Here's my situation: I work at a healthcare testing labratory, I have a table with all our tests, Dim_Test. The two columns i want to look at are: [Mnemonic] and [Test Name]. Mnemonic is the short test name and Test Name is a long name. The condition of the data is that there are a few duplicate mnemonics, but the the duplicates have different long test names. I know this is really messed up but thats our lab system for you, i have no control over that. I want to make a table that has all mnemonics that are duplicated, and the Long test name for each of the duplications. I have come up with a couple possible solutions but i dont know how to implement them or which would be the best course of action.

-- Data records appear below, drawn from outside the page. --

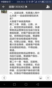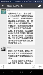 2016年4月14日晚,金融1303班在线上进行了以 《中华人民共和国刑法修正案(九)》和《中华人民共和国反恐怖主义法》为主题的班会讨论,班级的同学非常踊跃的在微信群里发表自己的看法。 以其中几个同学为例,刘明明介绍了本法所称恐怖事件的定义,是指正在发生或者已经发生的造成或者可能造成重大社会危害的恐怖活动。 王佳程说道 :《反恐怖主义法》全面系统地规定了我国反恐怖工作的体制、机制、手段和措施,它的出台必将成为我国依法打击暴恐活动,维护国家安全、公共安全和人民生命财产安全以及加强国际反恐合作提供更加坚实的法律支撑和保证。 谢微阐述了《反恐怖主义法》的意义:《反恐法》是在总结了近年来我国防范和打击恐怖活动工作的经验,借鉴国外有效做法的基础上制定的,是一部规范政府和社会开展反恐怖工作的法律。 蔡佩仙发表了自己的看法:刑法修正案适应了我国当前反腐败形势,回应了人民群众的呼声,为刑九中终身监禁的规定点赞。 苟华英说:本次刑法修正,正对我国当前经济社会发展和社会治安形式,对有关惩治恐怖主义极端主义犯罪,腐败犯罪,扰乱社会秩序犯罪等刑法规范做了大幅度修改完善,内容丰富且非常重要。 经过我们班级这次关于刑法修正案九和反恐怖主义法积极热烈的讨论,我们对国家的刑法和反恐怖主义法有了更深的认识和了解,也增长了在公共场合应对恐怖事件的的能力。通过《反恐怖主义法》的实施,表明了我们国家对恐怖主义的态度已经非常坚决,以非常明确地态度即立法,表现出我们对恐怖主义的反对态度。 撰稿人:张阳媚 |
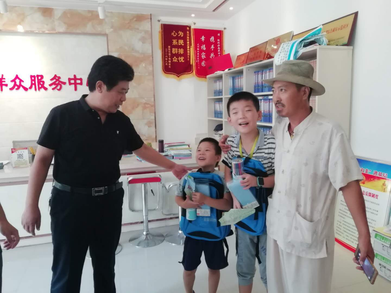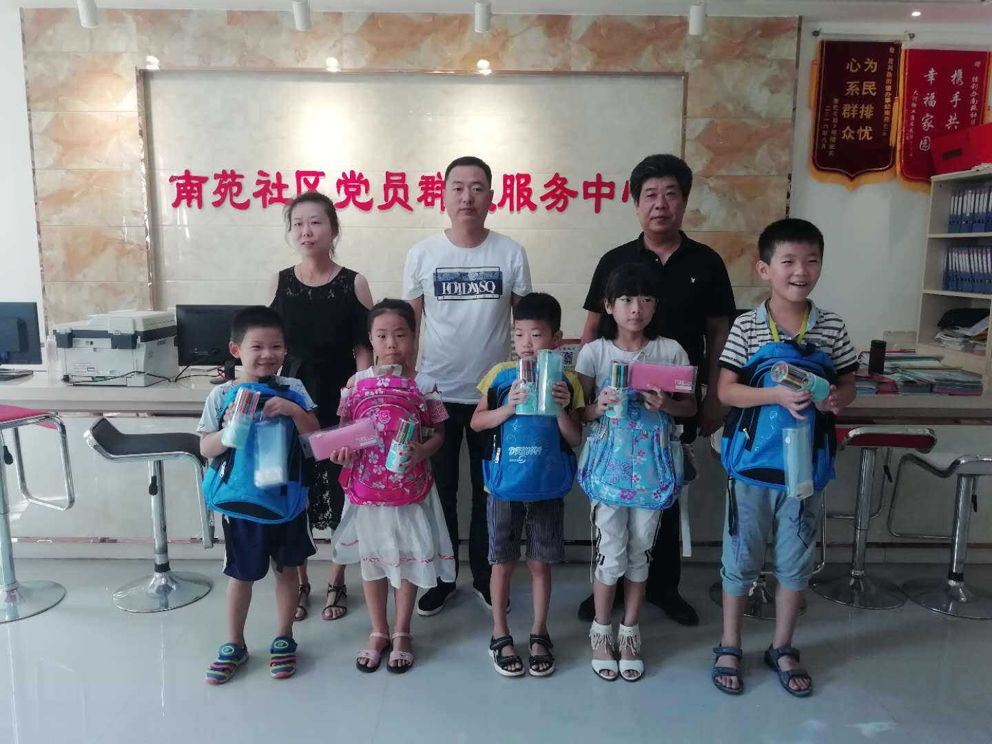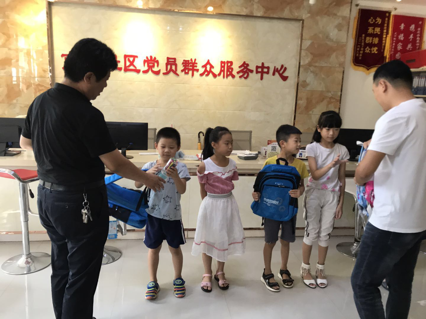 在活动现场,区工信委党支部书记刘何民询问孩子们在生活中遇到的困难,并把书包、彩笔、文具袋送到5名贫困儿童的“心中”。用我委的关心和真诚,让爱心流动,让温情传递,让贫困儿童感受到爱,实现他们的期待的小心愿。
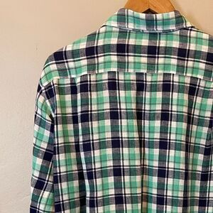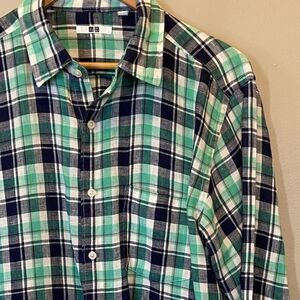 Uniqlo 100% Linen Green and Blue Plaid Men's Long Sleeves Button Down Shirt M
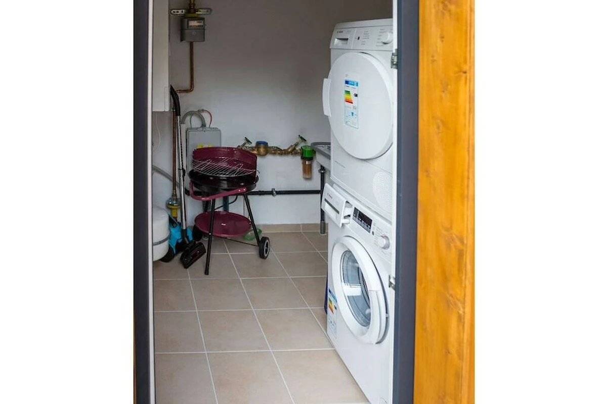 - 1 Hauswirtschaftsraum mit Waschmaschine, Trockner, Staubsauger und Reinigungsutensilien

The First: Sort on the Mnemonic and delete duplicates, store that to a temp table. Then somehow compare Dim_test and the temp table to find the rows missing from the temp table and then store that to, say, temp2. So temp2 would contain all the data that was deleted during the deletion of duplicates on Dim_test. Then i could use the input Dim_test and do a lookup on table temp2 which would give me all mnemonics and test names with duplicate mnemonics.

The Second and third: Somehow get a dataset that has the distinct mnemonic and the count of each distinct mnemonic. Then i could use a conditional split to find out which mnemonics have a count of greater than one. then i can store that to a temp table and lookup on that. That temp table would be the same as temp2 in the first solution. The difference between the second and third solutions is that one uses an aggregate transformation and the other uses a pivot transformation.

I think the pivot transformation would work best if i pivoted on mnemonic but i dont know how to set it up. Please help. Thank you.

You don't need SSIS for this. This T-SQL will do the trick:

Code Snippet

use tempdb

go

CREATE Table [Dim_Test]

(

[Mnemonic] NVARCHAR (20),

[Test Name] NVARCHAR (200)

)

INSERT INTO [Dim_Test] VALUES ('AAA', 'This is a long test name 1')

INSERT INTO [Dim_Test] VALUES ('BBB', 'This is a long test name 2')

INSERT INTO [Dim_Test] VALUES ('CCC', 'This is a long test name 3')

INSERT INTO [Dim_Test] VALUES ('DDD', 'This is a long test name 4')

INSERT INTO [Dim_Test] VALUES ('EEE', 'This is a long test name 5')

INSERT INTO [Dim_Test] VALUES ('AAA', 'This is a long test name 6')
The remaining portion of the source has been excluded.